Work task
From the data below, copy exactly the lines that lie between the one holding "- 볼륨감있는 주름 디테일과" and the one holding "Обеденный раздвижной стол", including both, and nothing more.

(Beginning of Material for this exercise)

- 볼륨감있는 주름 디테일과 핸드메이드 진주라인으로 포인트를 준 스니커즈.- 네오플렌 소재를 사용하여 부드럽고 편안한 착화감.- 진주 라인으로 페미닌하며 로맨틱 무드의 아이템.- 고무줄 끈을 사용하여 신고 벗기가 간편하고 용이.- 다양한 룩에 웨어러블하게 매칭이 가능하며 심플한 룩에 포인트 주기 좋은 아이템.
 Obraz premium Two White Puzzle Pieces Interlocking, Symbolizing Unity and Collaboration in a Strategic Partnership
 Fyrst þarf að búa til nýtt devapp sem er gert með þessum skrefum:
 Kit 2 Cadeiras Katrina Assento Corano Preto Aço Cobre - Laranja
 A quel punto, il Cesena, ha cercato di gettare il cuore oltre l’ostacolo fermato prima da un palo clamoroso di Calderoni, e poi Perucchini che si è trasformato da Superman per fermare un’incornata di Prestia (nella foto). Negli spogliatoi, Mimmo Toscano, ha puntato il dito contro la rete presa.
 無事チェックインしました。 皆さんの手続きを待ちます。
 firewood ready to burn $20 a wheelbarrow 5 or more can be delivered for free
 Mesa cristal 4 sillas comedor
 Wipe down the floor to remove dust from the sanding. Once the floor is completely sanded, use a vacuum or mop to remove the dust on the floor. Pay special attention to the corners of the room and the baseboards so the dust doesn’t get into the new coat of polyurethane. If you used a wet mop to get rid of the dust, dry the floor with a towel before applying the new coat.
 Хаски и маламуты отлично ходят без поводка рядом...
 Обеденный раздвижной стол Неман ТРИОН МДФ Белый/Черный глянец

(End of Material for this exercise)
(Beginning of Material for this exercise)

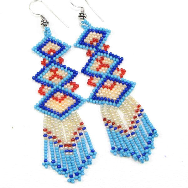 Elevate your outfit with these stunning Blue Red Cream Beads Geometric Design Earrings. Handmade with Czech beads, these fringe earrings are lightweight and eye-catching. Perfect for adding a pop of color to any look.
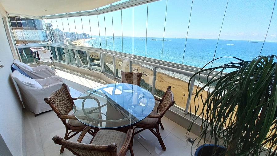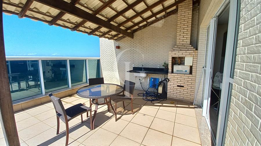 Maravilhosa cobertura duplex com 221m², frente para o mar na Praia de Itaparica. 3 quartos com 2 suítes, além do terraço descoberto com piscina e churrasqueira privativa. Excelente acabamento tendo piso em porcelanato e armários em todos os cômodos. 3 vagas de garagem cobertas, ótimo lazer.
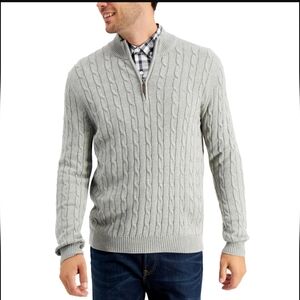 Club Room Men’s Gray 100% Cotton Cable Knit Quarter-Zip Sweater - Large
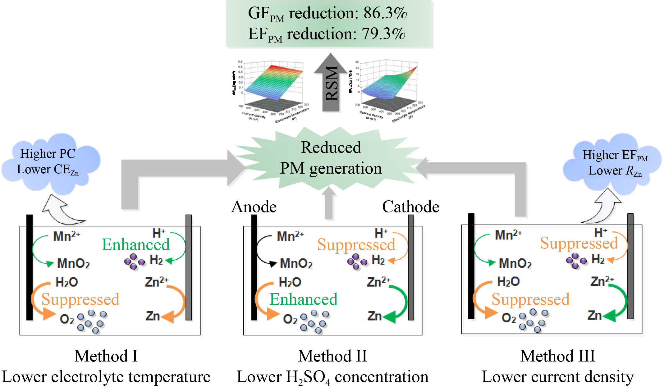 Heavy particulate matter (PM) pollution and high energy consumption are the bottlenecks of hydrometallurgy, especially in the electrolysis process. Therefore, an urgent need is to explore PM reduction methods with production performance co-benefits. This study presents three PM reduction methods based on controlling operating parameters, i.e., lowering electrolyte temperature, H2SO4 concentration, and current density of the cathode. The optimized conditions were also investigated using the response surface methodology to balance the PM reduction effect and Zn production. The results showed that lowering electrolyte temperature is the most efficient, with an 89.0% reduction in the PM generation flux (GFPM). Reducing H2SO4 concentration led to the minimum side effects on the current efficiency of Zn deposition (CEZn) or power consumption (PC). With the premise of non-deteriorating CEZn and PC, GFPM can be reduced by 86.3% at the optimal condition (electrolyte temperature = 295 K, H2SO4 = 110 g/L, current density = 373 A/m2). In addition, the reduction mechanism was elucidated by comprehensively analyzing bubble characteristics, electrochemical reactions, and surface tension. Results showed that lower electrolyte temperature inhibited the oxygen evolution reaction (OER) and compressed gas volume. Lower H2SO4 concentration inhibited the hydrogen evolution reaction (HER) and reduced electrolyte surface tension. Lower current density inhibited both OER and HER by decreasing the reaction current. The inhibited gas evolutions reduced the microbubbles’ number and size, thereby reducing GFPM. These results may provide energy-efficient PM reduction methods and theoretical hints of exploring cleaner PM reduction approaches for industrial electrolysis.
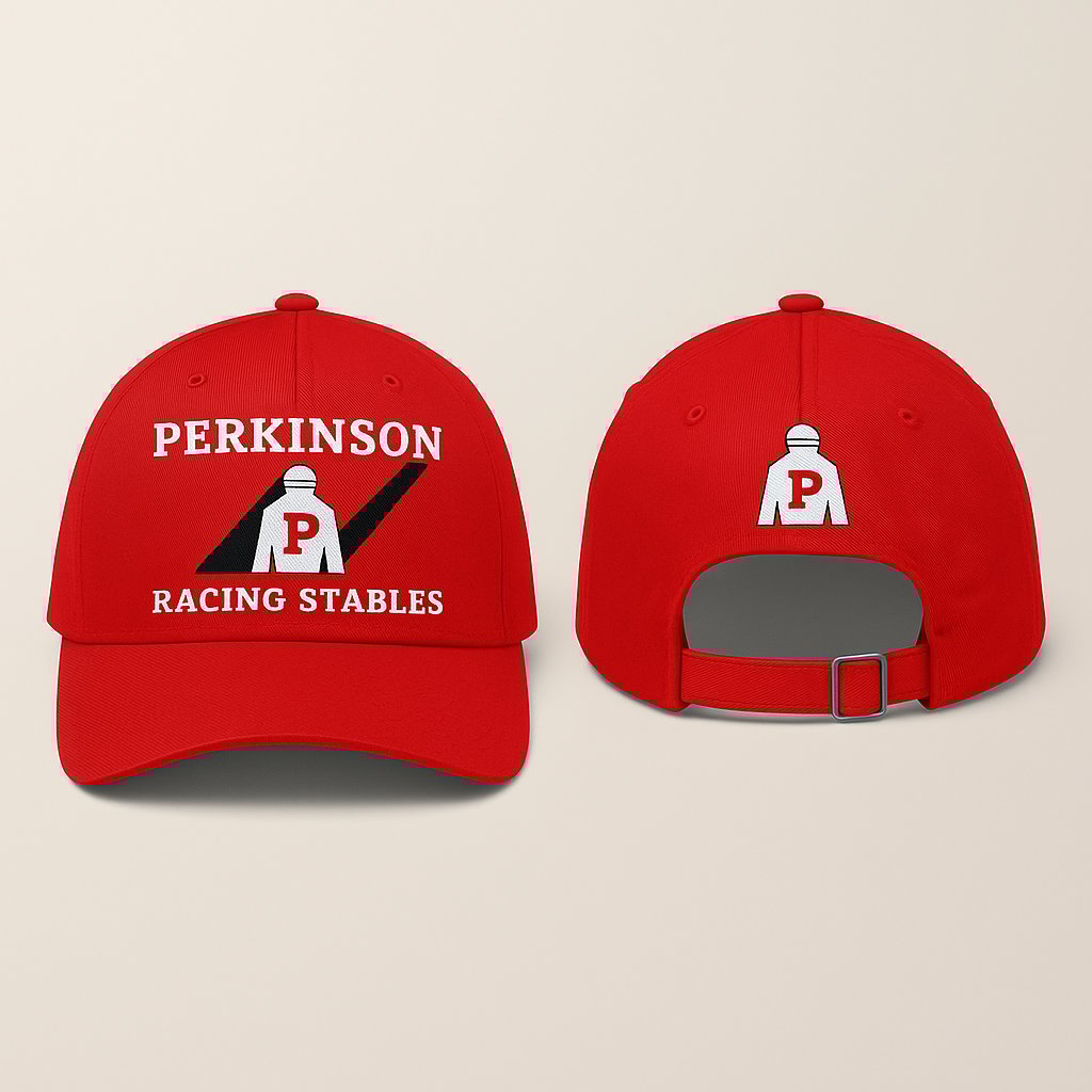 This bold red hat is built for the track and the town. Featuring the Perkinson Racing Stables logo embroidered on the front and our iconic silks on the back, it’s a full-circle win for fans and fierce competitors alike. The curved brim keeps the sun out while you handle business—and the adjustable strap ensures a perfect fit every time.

(End of Material for this exercise)

The completed task
- 볼륨감있는 주름 디테일과 핸드메이드 진주라인으로 포인트를 준 스니커즈.- 네오플렌 소재를 사용하여 부드럽고 편안한 착화감.- 진주 라인으로 페미닌하며 로맨틱 무드의 아이템.- 고무줄 끈을 사용하여 신고 벗기가 간편하고 용이.- 다양한 룩에 웨어러블하게 매칭이 가능하며 심플한 룩에 포인트 주기 좋은 아이템.
 Obraz premium Two White Puzzle Pieces Interlocking, Symbolizing Unity and Collaboration in a Strategic Partnership
 Fyrst þarf að búa til nýtt devapp sem er gert með þessum skrefum:
 Kit 2 Cadeiras Katrina Assento Corano Preto Aço Cobre - Laranja
 A quel punto, il Cesena, ha cercato di gettare il cuore oltre l’ostacolo fermato prima da un palo clamoroso di Calderoni, e poi Perucchini che si è trasformato da Superman per fermare un’incornata di Prestia (nella foto). Negli spogliatoi, Mimmo Toscano, ha puntato il dito contro la rete presa.
 無事チェックインしました。 皆さんの手続きを待ちます。
 firewood ready to burn $20 a wheelbarrow 5 or more can be delivered for free
 Mesa cristal 4 sillas comedor
 Wipe down the floor to remove dust from the sanding. Once the floor is completely sanded, use a vacuum or mop to remove the dust on the floor. Pay special attention to the corners of the room and the baseboards so the dust doesn’t get into the new coat of polyurethane. If you used a wet mop to get rid of the dust, dry the floor with a towel before applying the new coat.
 Хаски и маламуты отлично ходят без поводка рядом...
 Обеденный раздвижной стол Неман ТРИОН МДФ Белый/Черный глянец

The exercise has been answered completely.